Morgan Stanley shares key insights with Investing.com
Investing.com-Tesla (NASDAQ 🙂 is scheduled to report its fourth-quarter financial results on Jan. 29 after the market closes at the bell.
Morgan Stanley (NYSE 🙂 Analysts believe expectations are on the side of quarterly gross auto margin, excluding regulatory credits, in the 15% range. They also expect Tesla’s free cash flow (FCF) to benefit from inventory cuts in the fourth quarter.
“More attention will be paid to outlook commentary, including a repeat (or not) of the 20-30% FY24 growth target, model y ‘juniper’ ramps, FSD rate of change, AI infrastructure expansion, cybercab deployment targets, Optimus Milestones and a potential deep diving ‘AI day,’ analysts led by Adam Jonas said in a note on Friday.
Tesla’s potential challenges include opposition to electric vehicle (EV) incentives, which could affect volume growth expectations for fiscal 2025. Morgan Stanley notes that expectations for purchases are now closer to a 10% growth rate rather than 20%, citing increased competition in China, slowing CyberTruck volumes and the possibility of the removal of EV tax incentives.
As a result, the company has lowered its forecast for Battery Electric Vehicle (BEV) market penetration in fiscal year 2025 to 8.5% from 9% previously.
The bank also addressed growing interest in humanoid robots, acknowledging an influx of client inquiries after NVIDIA (NASDAQ:) CEO Jensen Huang at the Consumer Electronics Show earlier this month.
While Morgan Stanley considers Tesla an ’embodied AI ETF’ due to its strategic positioning in AI robotics, it currently assigns no value to Tesla for Embodied AI in its $430 target or $800 range.
In the note, analysts also emphasized the importance of data collection across various form factors, including Tesla’s vehicle fleet and AI infrastructure.
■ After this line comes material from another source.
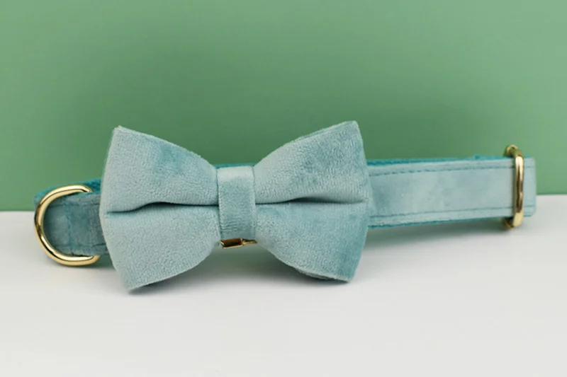 Conjunto de collar y correa de perro de terciopelo verde para perros pequeños, medianos y grandes, placa de identificación grabada personalizada, suministros para mascotas, correa para perro Velvet29

They believe that as Tesla expands its data collection capabilities, the narrative surrounding the company and the type of investors interested in the stock will evolve significantly.
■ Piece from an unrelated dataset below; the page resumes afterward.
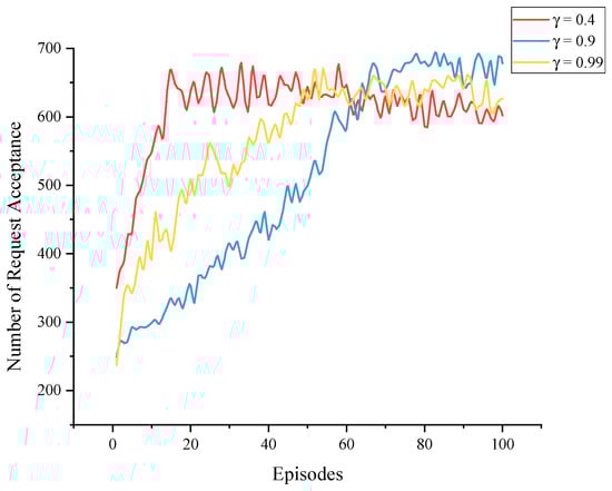Figure 10 shows the effect of different discount factors on the training of the agents. The discount factor is used to calculate the target value during training and to regulate the immediate and long-term effects in reinforcement learning, i.e., how far ahead the agent considers when making decisions, in the range (0,1]. The larger the is, the more steps the agent considers going forward, but the more difficult it is to train; the smaller the is, the more the agent focuses on immediate benefits and the easier it is to train. Although we want the agent to think in the long term, excessively high discount factors may impede algorithm convergence. As observed in Figure 10, training proceeded swiftly when , and the best result was achieved when . On the other hand, the algorithm trained most slowly when , implying that, while unfinished services can influence dynamic deployment, it is not necessary to consider overly long-term impacts in a limited training cycle.

Finally, the company touched on the potential impact of Trump administration policies on the EV industry, comparing it to the historic Monroe Doctrine. The use of tariffs and other measures could accelerate the deployment of AI technology and create a more secure supply chain.
“Just as the Monroe Doctrine was US policy in opposition to European colonization in the W. Hemisphere, we expect to see the Trump administration’s EV and AV policies encourage new domestic supply of critical technologies and the accompanying manufacturing and supply base,” the analysts said.
“Tesla’s role in helping” fill the “next-gen manufacturing and supply chain gap will be an increasingly consequential driver of growth and shareholder value, in our view,” they concluded.